**Data extract:**
※
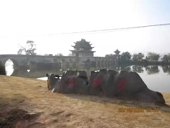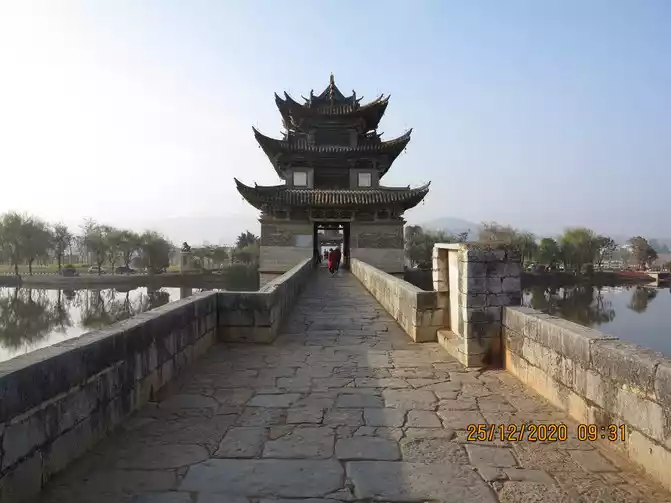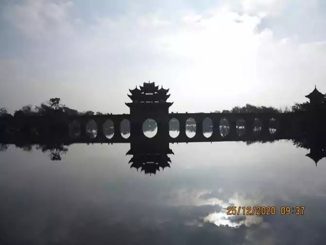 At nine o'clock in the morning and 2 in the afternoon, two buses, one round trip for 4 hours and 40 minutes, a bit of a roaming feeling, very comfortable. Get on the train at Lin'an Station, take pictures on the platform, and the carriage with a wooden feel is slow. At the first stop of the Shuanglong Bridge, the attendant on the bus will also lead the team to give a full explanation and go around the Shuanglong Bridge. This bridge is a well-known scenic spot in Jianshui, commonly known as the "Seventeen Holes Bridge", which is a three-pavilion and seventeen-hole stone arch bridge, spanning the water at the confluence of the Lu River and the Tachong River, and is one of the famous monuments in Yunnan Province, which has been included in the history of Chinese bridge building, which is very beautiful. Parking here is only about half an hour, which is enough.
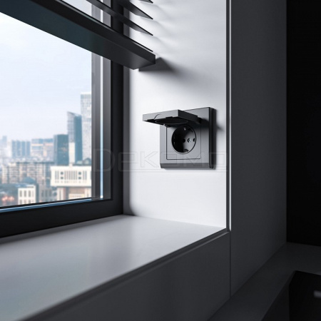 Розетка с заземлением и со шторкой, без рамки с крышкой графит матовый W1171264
※
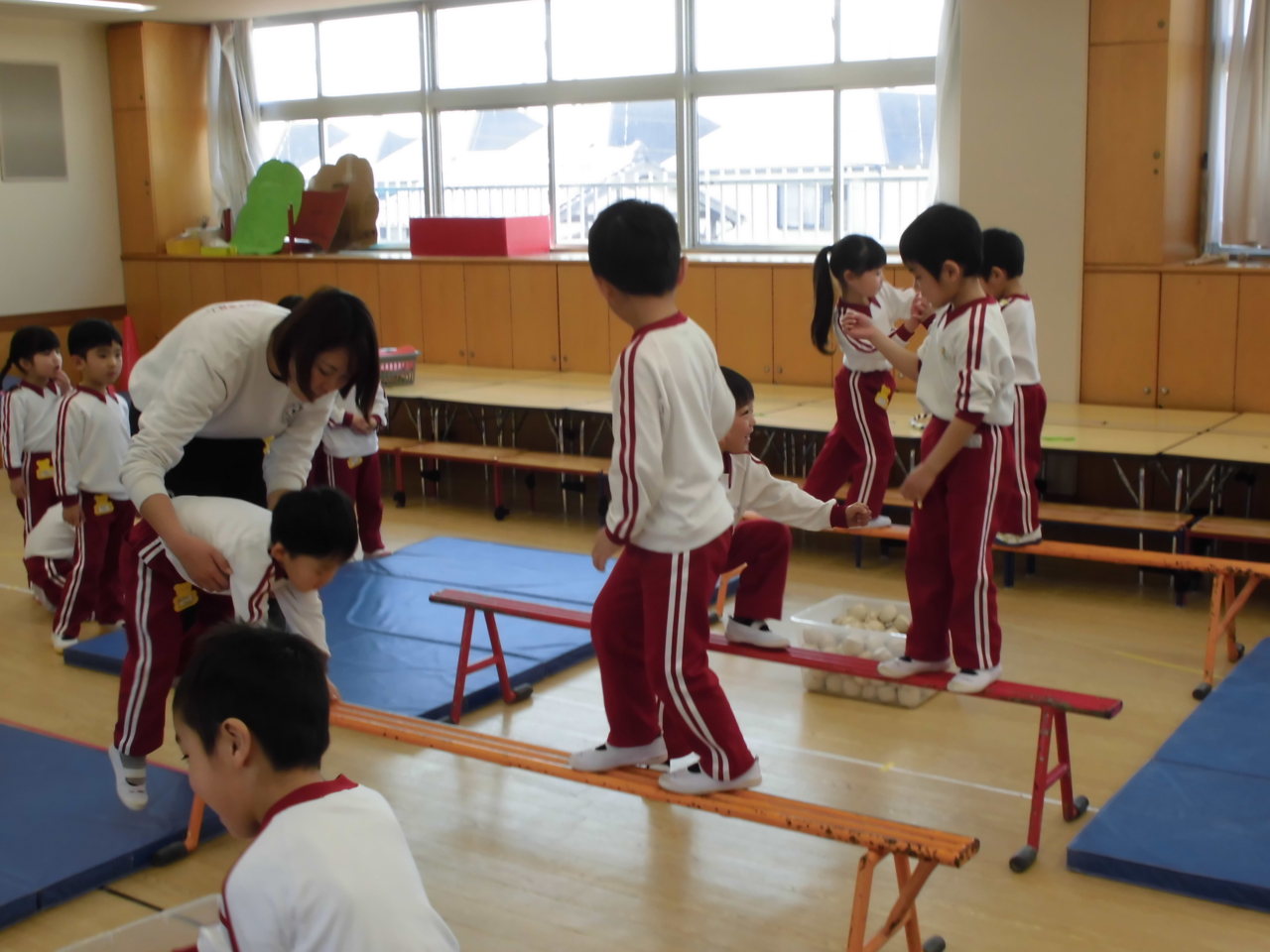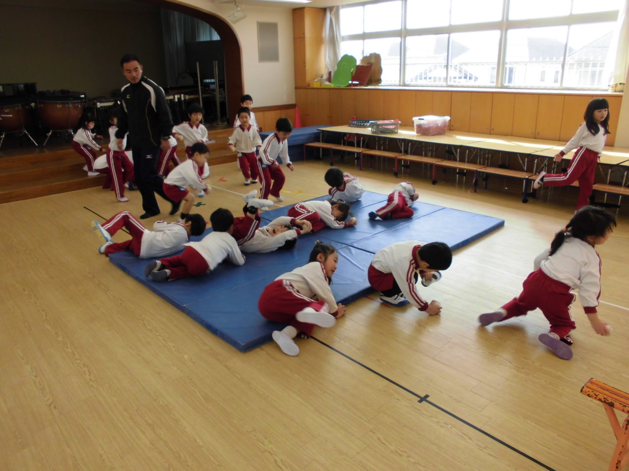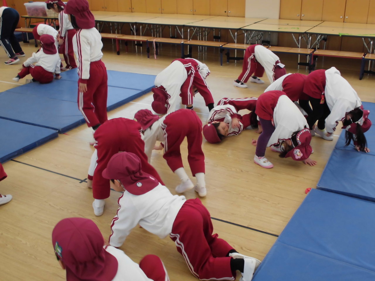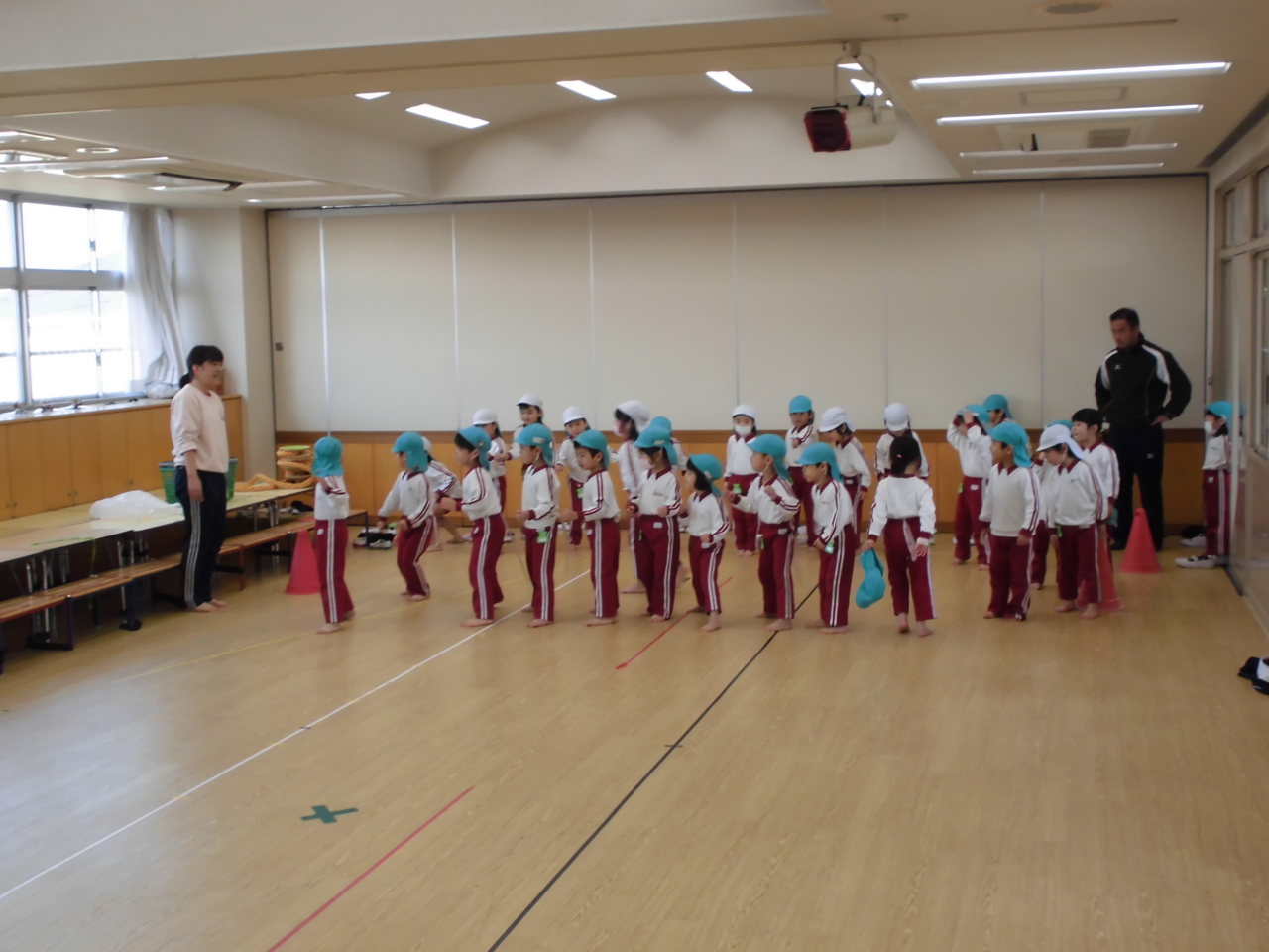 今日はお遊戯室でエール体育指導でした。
※
**Work instruction:** For the data above, set down exactly the lines from the line with "At nine o'clock" to the line with "Розетка с заземлением", both included, leaving pictures out.

**Answer area:**
 At nine o'clock in the morning and 2 in the afternoon, two buses, one round trip for 4 hours and 40 minutes, a bit of a roaming feeling, very comfortable. Get on the train at Lin'an Station, take pictures on the platform, and the carriage with a wooden feel is slow. At the first stop of the Shuanglong Bridge, the attendant on the bus will also lead the team to give a full explanation and go around the Shuanglong Bridge. This bridge is a well-known scenic spot in Jianshui, commonly known as the "Seventeen Holes Bridge", which is a three-pavilion and seventeen-hole stone arch bridge, spanning the water at the confluence of the Lu River and the Tachong River, and is one of the famous monuments in Yunnan Province, which has been included in the history of Chinese bridge building, which is very beautiful. Parking here is only about half an hour, which is enough.
 Розетка с заземлением и со шторкой, без рамки с крышкой графит матовый W1171264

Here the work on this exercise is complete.